The produced capsules were tested for their floating behaviour and release profile in a dissolution bath (Prolabo) filled with 1 liter 0.01N HCl, 37±1° C., at 50 rpm. The 0.01N HCl was prepared by degassing 6 liter of demineralized water and adding 8 ml 25% HCl. The release profiled were determined for at least 12 hours by UV absorbance measurements at 280 nm (cuvet 1 cm) (Ultrospec III, Pharmacia LKB). The floating behaviour was followed by visual inspection. All experiments were performed in 2-, 3- or 5-fold.

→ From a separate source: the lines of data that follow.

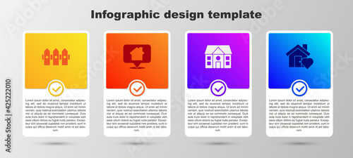 Set Garden fence wooden, Location with house, House and heart shape. Business infographic template. Vector
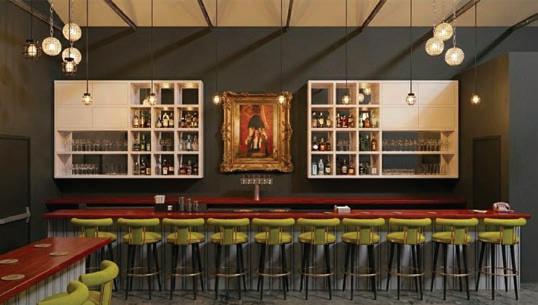 For Tab, DeLapp created a dark, moody space to display his bourbon collection.
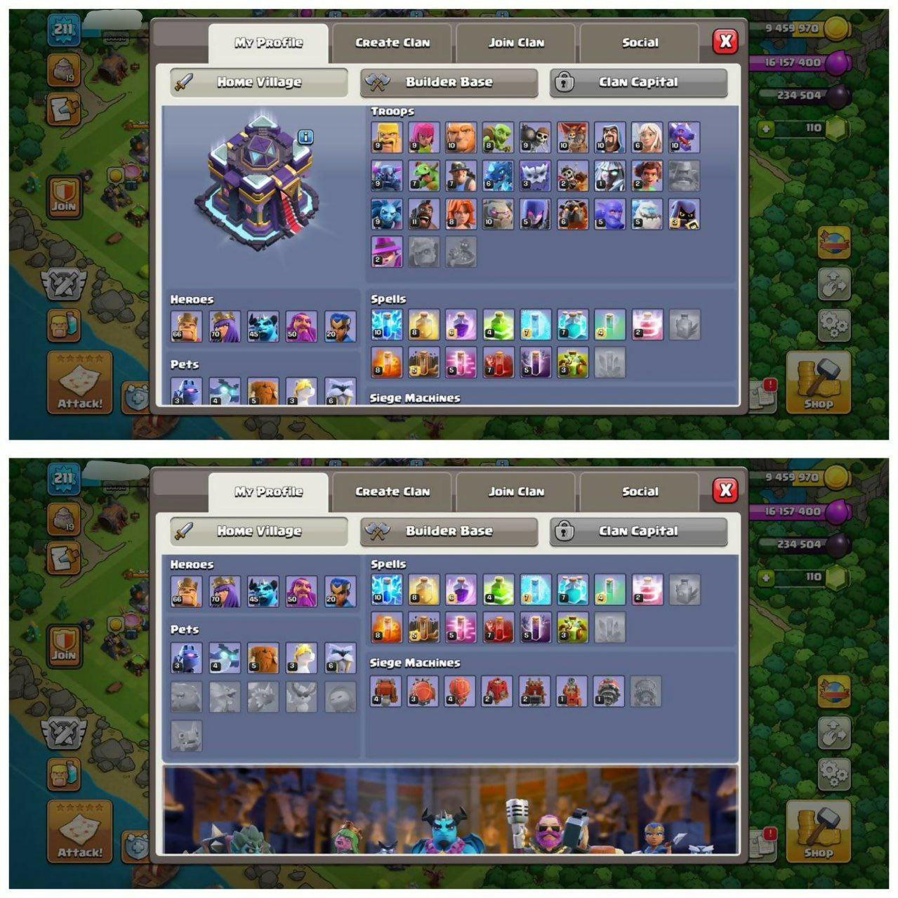 {70% DISCOUNT} TH15 HALF MAX ⚡️8 EPIC EQUIPMENT⚡️XP-211⚡️HERO 66-70-45-50-20⚡️FREE GEMS NAME CHANGE⚡️MAGIC ITEMS⚡️OP LAB⚡️INSTANT DELIVERY 🚚
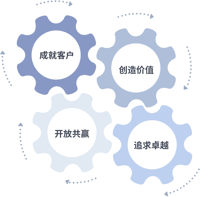 成就客户是一切决策的出发点,创造价值是衡量所有工作的标准,追求卓越是PA尊龙时凯做事做人的态度,开放共赢是PA尊龙时凯的格局也是最终的结果。价值观的齿轮环环相扣,推动着组织里的每个人不断向前。
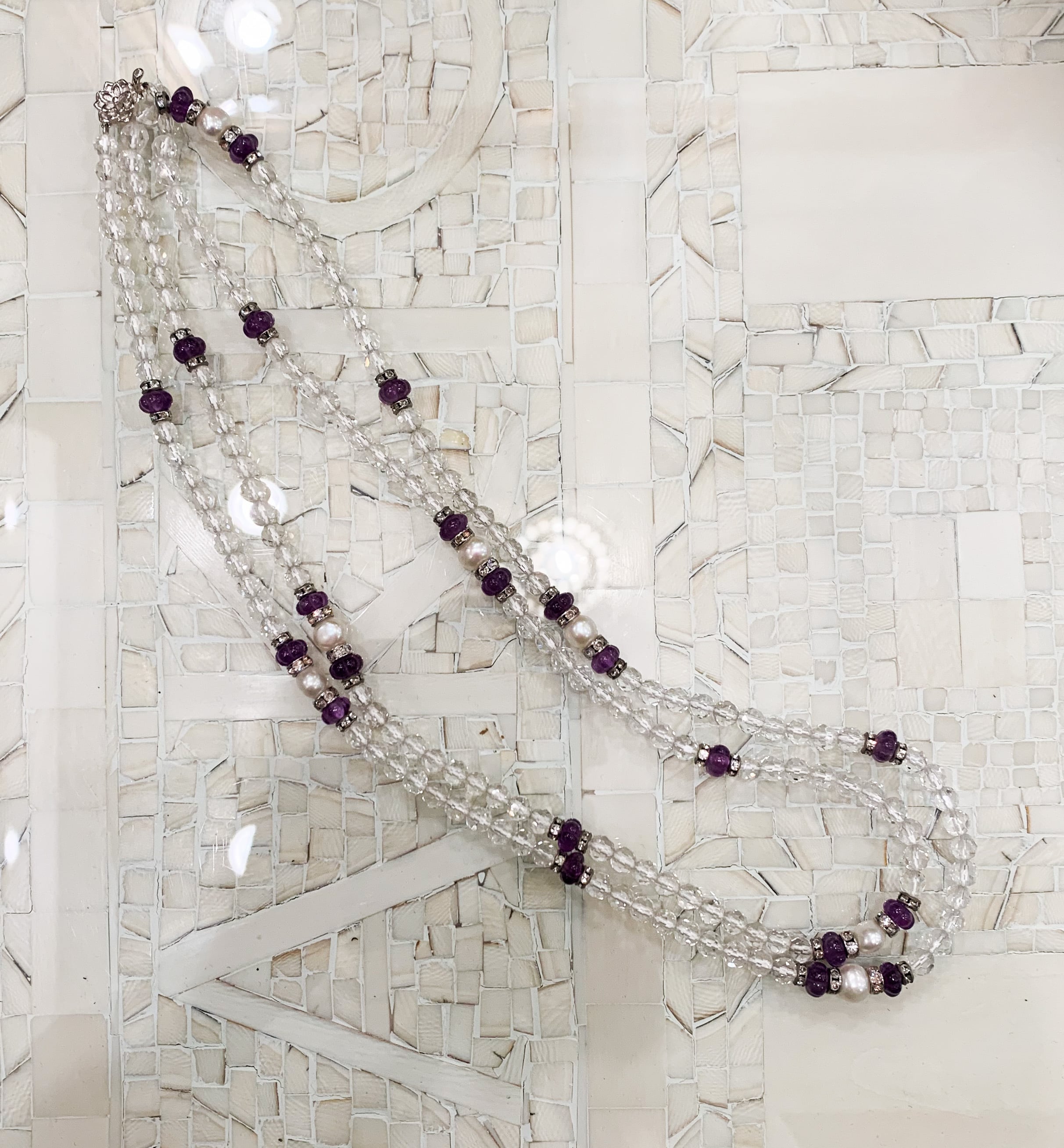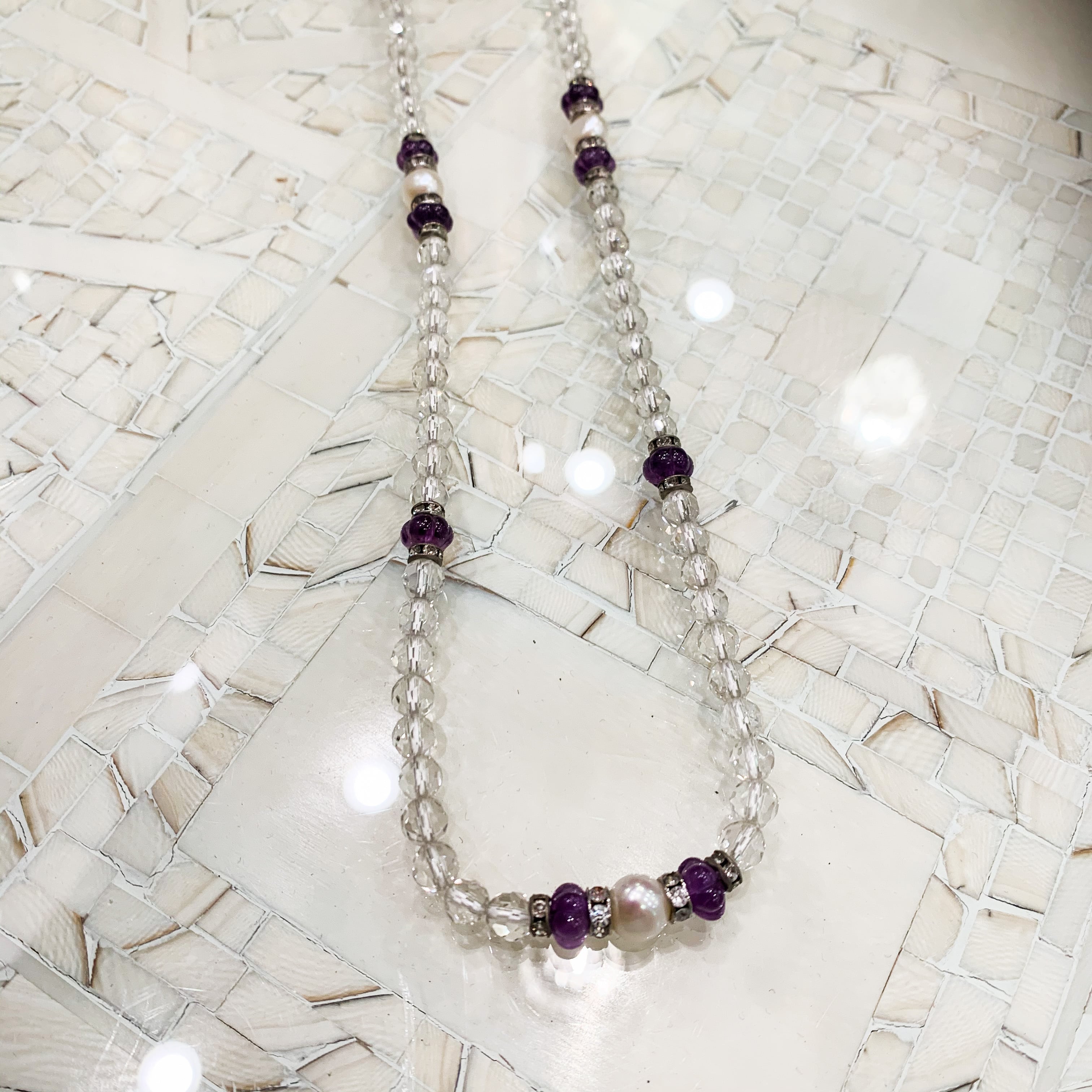 カットが施された水晶と真珠、アメジストとラインストーンのロングネックレス
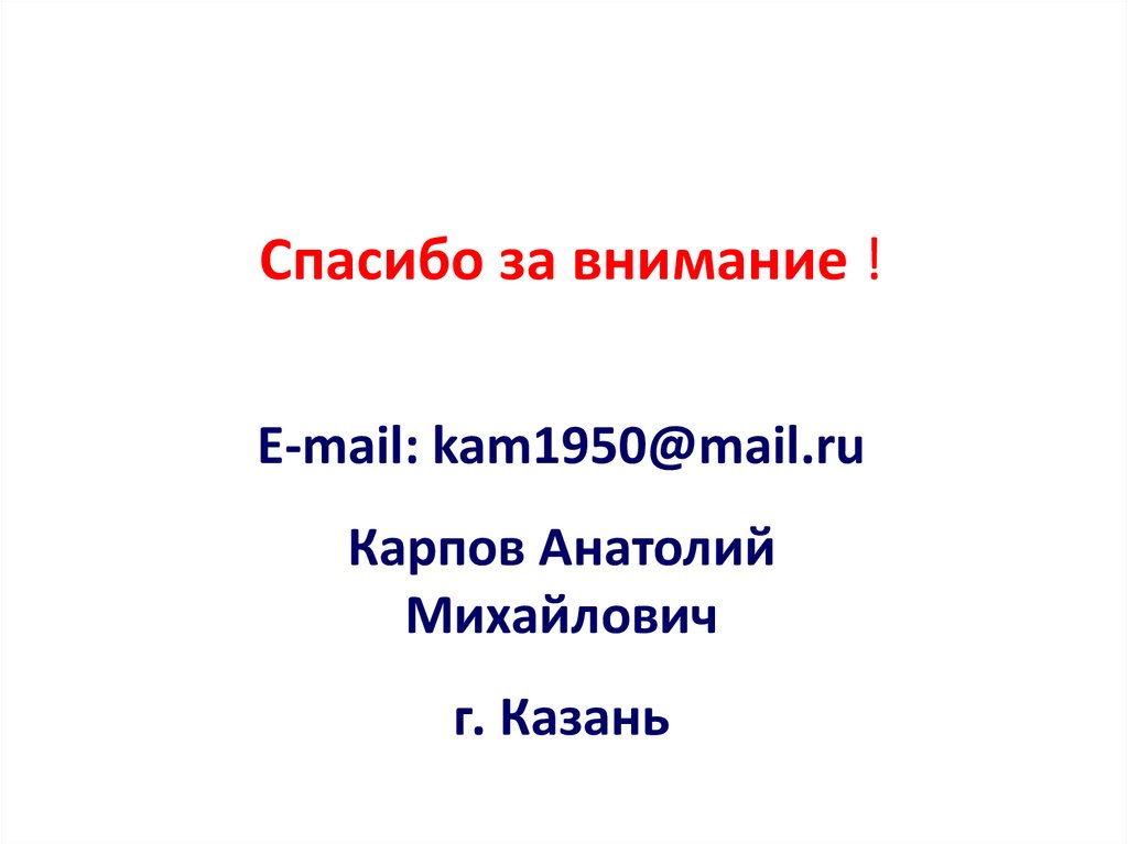 Спасибо за внимание !E-mail: kam1950@mail.ru
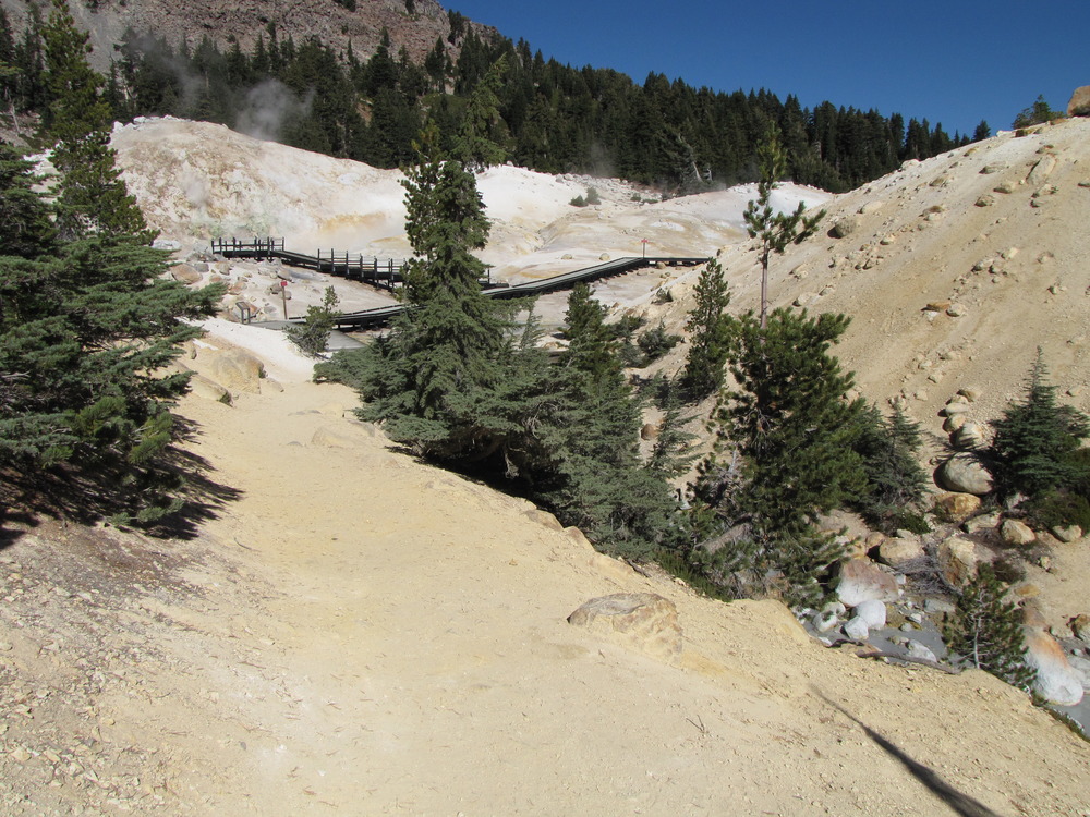 The trail entering the Bumpass Hell hydrothermal area past a creek.
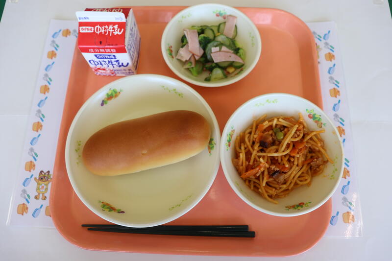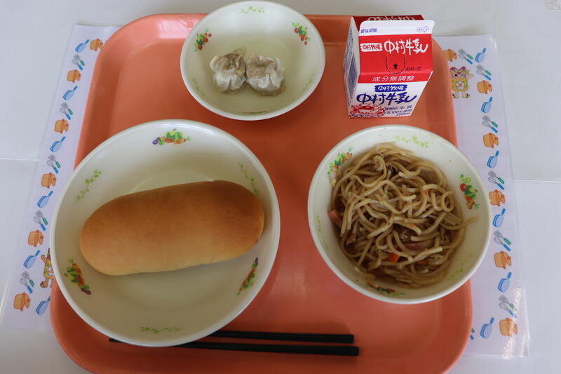 減量コッペパン、焼きそば、シューマイ、牛乳
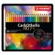 Astuccio in metallo Stabilo contenente 24 matite colorate Carbothello, mina carboncino dal tratto secco e polveroso, utilizzabili sia a secco, sia in miscela. Spessore del tratto 4,4mm, intensa luminositA' ed opacitA', molto resistente a luce ed urti.
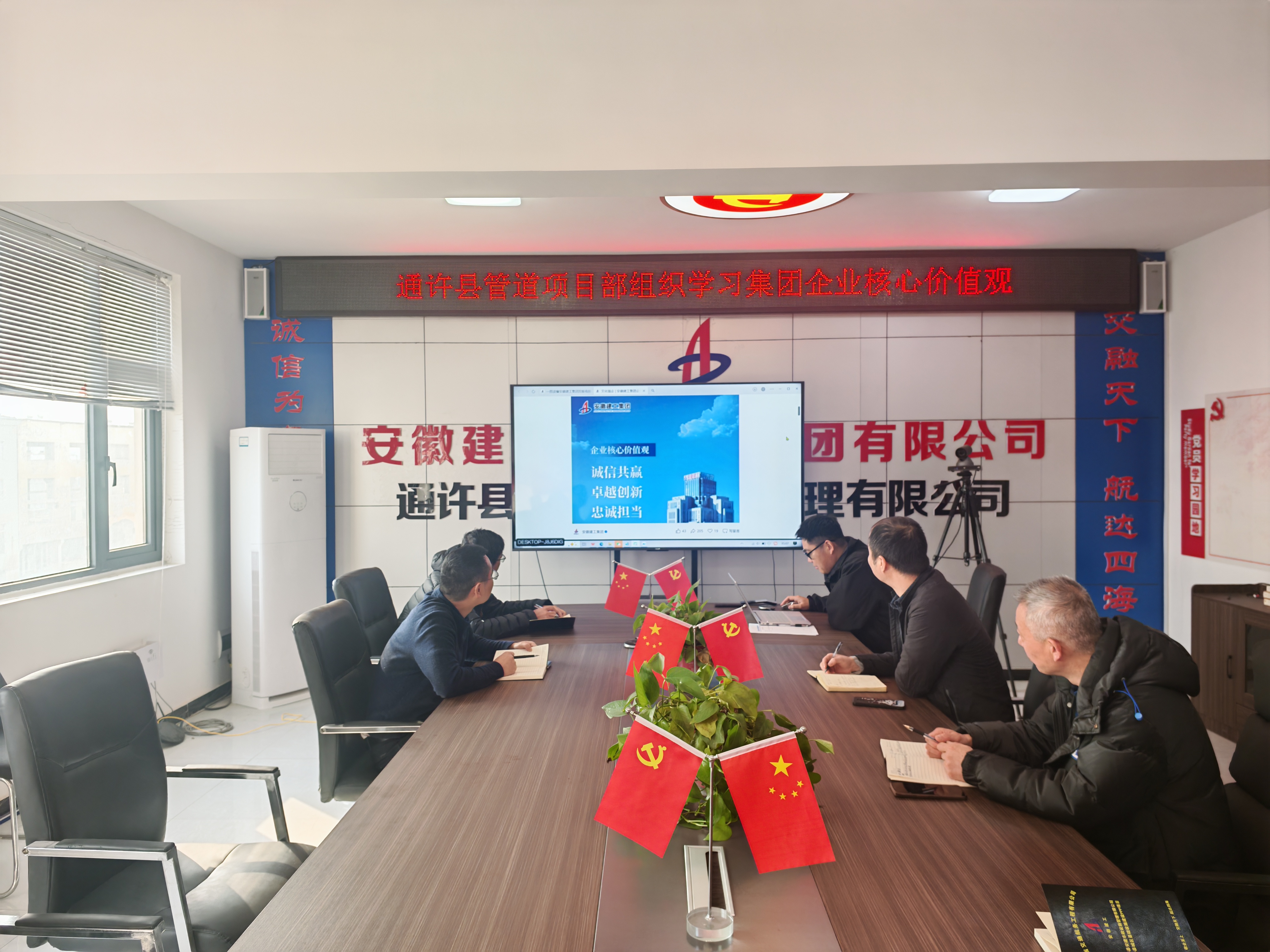 通許縣管道項目組織并召開了集團核心價值觀學習宣貫專題會議,傳達學習了集團《關于開展安徽建工集團核心價值觀學習宣貫的通知》文件,對集團核心價值觀“誠信共贏 卓越創(chuàng)新 忠誠擔當 敬業(yè)清正”進行闡釋講解。
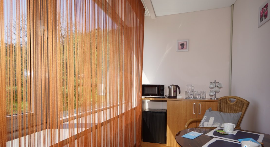 кофемашина, микроволновая печь, мини-холодильник, набор посуды, сейф, система общего кондиционирования, телевизор, чайный набор посуды, электрочайник
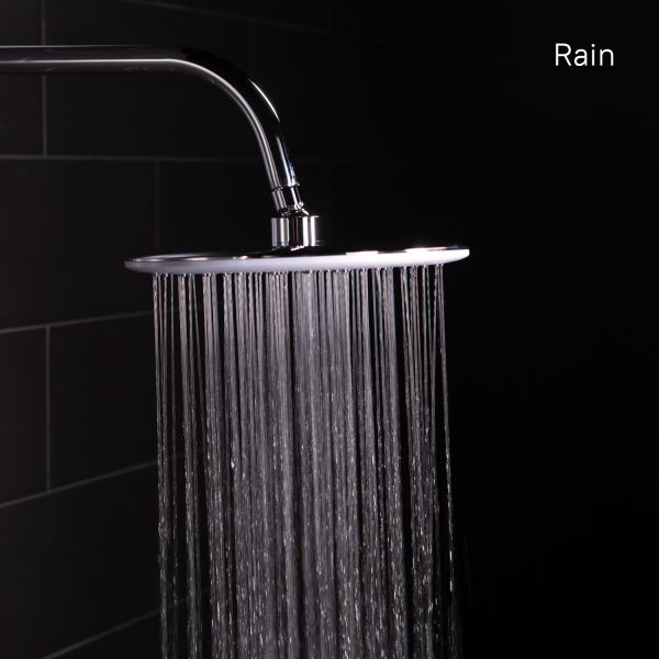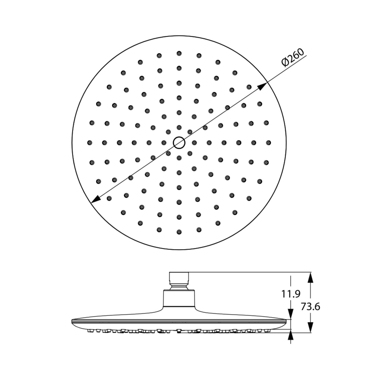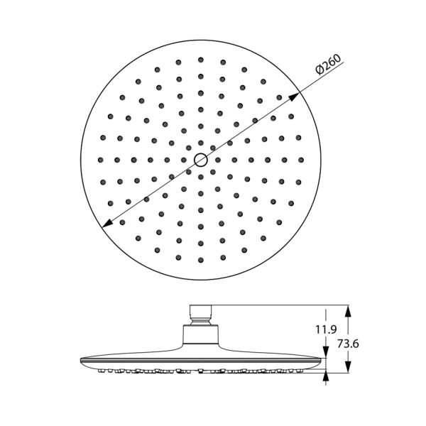 Душевая насадка верхняя, круглая, материал ABS - пластик, диаметр 260 мм, белая лицевая пластина, темно-серые форсунки, верхняя пластина ABS-пластик.
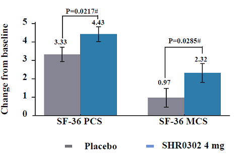 图3.艾玛昔替尼组与安慰剂组SF-36 PCS和MCS较基线变化情况

The final formulation for a 300 mg gradient FDDS comprises 3 layers. The first layer surrounding the capsule has a concentration of 80% nicotinamide (200 mg active). The second layer 50% (100 mg active), and the third layer 0% (90 mg coating material). The composition is shown in Table 2.

TABLE 2 composition of 300 mg nicotinamide FDDS. Component 80% 50% 0% Nicotinamide 79% 49% Hypromellose 16% 40% 78% Starch 1500  4% 10% 20% Magnesium stearate  1%  1%  2% Amount of active 200 mg 100 mg

The final formulation for the 600 mg gradient FDDS comprises 2 layers. The inner layer consists of 80% nicotinamide. The layer comprises 750 mg of the coating material. Around it is a 0% coating of 150 mg. A SEM image was made of a cross-section of the FDDS in which both layers could clearly be distinguished. The composition of this FDDS is shown in Table 3.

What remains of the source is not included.